Industrialization of a developing economy calls for a technological infrastructure to deal with problems of stimulating enterprise, assessing alternative courses, choosing manufacturing methods, and controlling product quality. In these tasks, measurement science and engineering standardization have an important role; yet with different governmental philosophies and economic structures, the needs and priorities of government action will vary greatly.

The National Bureau of Standards has been considering how its experience in metrology and standardization could be employed in collaboration with the U.S. Agency for International Development for assisting less developed countries to build up their own technological infrastructures. The NBS itself seeks an understanding of how its services to the science and industry of the U.S.A. should best be managed. In this self-evaluation we find ourselves working in parallel and in close sympathy with all industrializing nations of the world.
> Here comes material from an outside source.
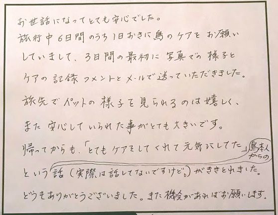 旅行中6日間のうち1日おきに鳥のケアをお願いしていまして、3日間の最初に写真での様子とケアの記録コメントをメールで送っていただきました。

The Seminar reported here concerns the problems faced by less developed countries seeking industrialization. With financial support from U.S. AID, thirteen expert participants from abroad came to express their views on possible relevance of NBS programs. Discussions took place in the light of findings of such organizations as the United Nations Advisory Committee on the Application of Science and Technology to Development, and the 1969 UNIDO Symposium on Industrial Development. In each of eight sessions, several invited papers were presented, followed by informal discussion which ranged widely among diverse viewpoints.

We are especially grateful to our guests for their full and frank comments.

We at NBS feel the Seminar made a contribution that deserves the record inherent in these Proceedings. However, caution is the best advice NBS has to offer. Developing nations should not be over-awed by the achievements of industrialized nations and those of metrological laboratories like NBS; they should not necessarily aim at imitating the supposedly successful centers. One needs to realize that ideal solutions are rarely found by any industry or any nation. Often the solution of one problem creates a new unsuspected future problem. However, even if this country cannot solve the problems of other nations, we can all work more effectively by comparing techniques, attitudes, and interests as we have done during the course of this Seminar.

So many organizations and individuals have contributed to the Seminar that proper acknowledgements would be unduly long. I want only to single out the Scientific Apparatus Makers Association, which arranged a post-Seminar tour of several U.S.A. manufacturing plants for our overseas guests.

To all participants, I give my hearty thanks.